Using 2D material samples developed by the Hersam and Dravid groups, Grayson and his team implemented a new method to measure electrical conductivity curves using a cryostat, a device that preserves samples at low temperatures for microscopic examination. At room temperature, the charges that constitute disorder are free to shift around until they reach equilibrium, but when frozen in the cryostat, the disorder is frozen in place.
Each individual conductivity curve resembles a puzzle piece. The researchers then utilized an empirical rule to piece together all the curves until they formed a complete picture.
They then used physical arguments to understand why this rule works as well as it does.

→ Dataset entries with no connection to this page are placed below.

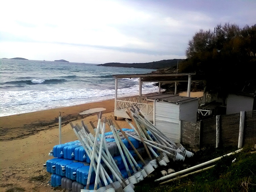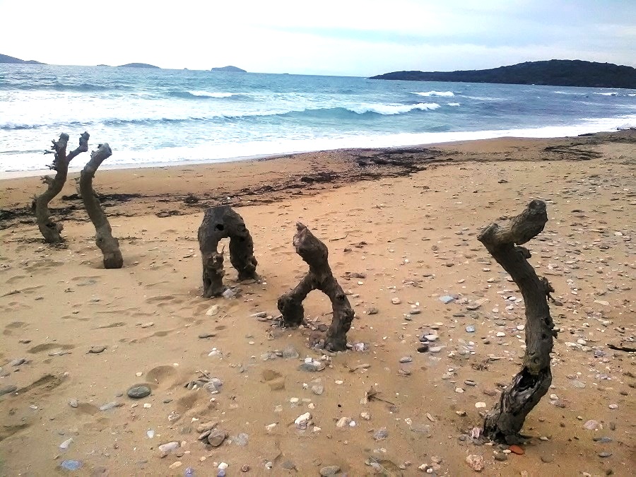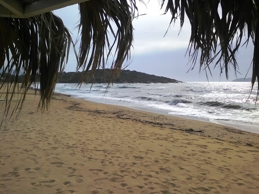 Η μυρωδιά της αλμύρας και το βουητό των κυμάτων σε φέρνουν κοντά στη θάλασσα. Ο σορόκος είναι άγριος καιρός. Το αντιμάμαλο κτυπάει στην αμμουδιά και αφήνει πίσω του μαχαιριές. Τρώει τα ξύλα. Σκάβει το χώμα. Ξεθάβει πέτρες και βράχια. Από πάνω η Κουβάρα φορτωμένη σύννεφα. Προς το μεσημέρι ο καιρός αγριεύει. Γύρω μια παράξενη ερημιά.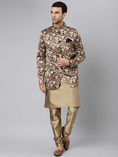 khakhi printed kurta pyjama ethnic wear set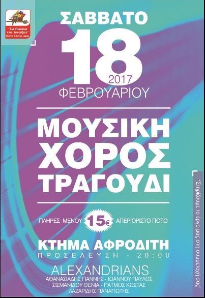 Θα διασκεδάσουμε με το συγκρότημα ALEXANDRIANS με πλούσιο λαϊκό και παραδοσιακό πρόγραμμα. Το menu μας θα είναι πλήρες και το ποτό μας απεριόριστο.
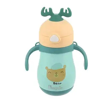 כוס תרמית לילדים מבית Penguin, כוס תרמית לילדים הנפתחת בלחיצת כפתור, כוללת קש נשלף וידיות אחיזה מרווחות. הכוס שומרת על קור 12 שעות ועל חום 8 שעות.

As a result, they solved the riddle of how each of the materials under study respond to a specific class of imperfections.
“The impressive continuity of this picture when all the puzzle pieces were in place inspired us to dig deeper into the physics to understand what the underlying reason must be for this behavior,” Grayson said. “The same mentality that the general public uses to solve their daily Wordle or crossword puzzle is applied here.”
These findings also have implications for 2D materials research moving forward.
“Instead of seeing individual devices made from the same 2D materials as a bunch of puzzle pieces that each have to be studied independently, you can now locate where a given sample fits into the previously solved puzzle,” Grayson said, “so that each individual piece is instantly recognized as part of a greater picture.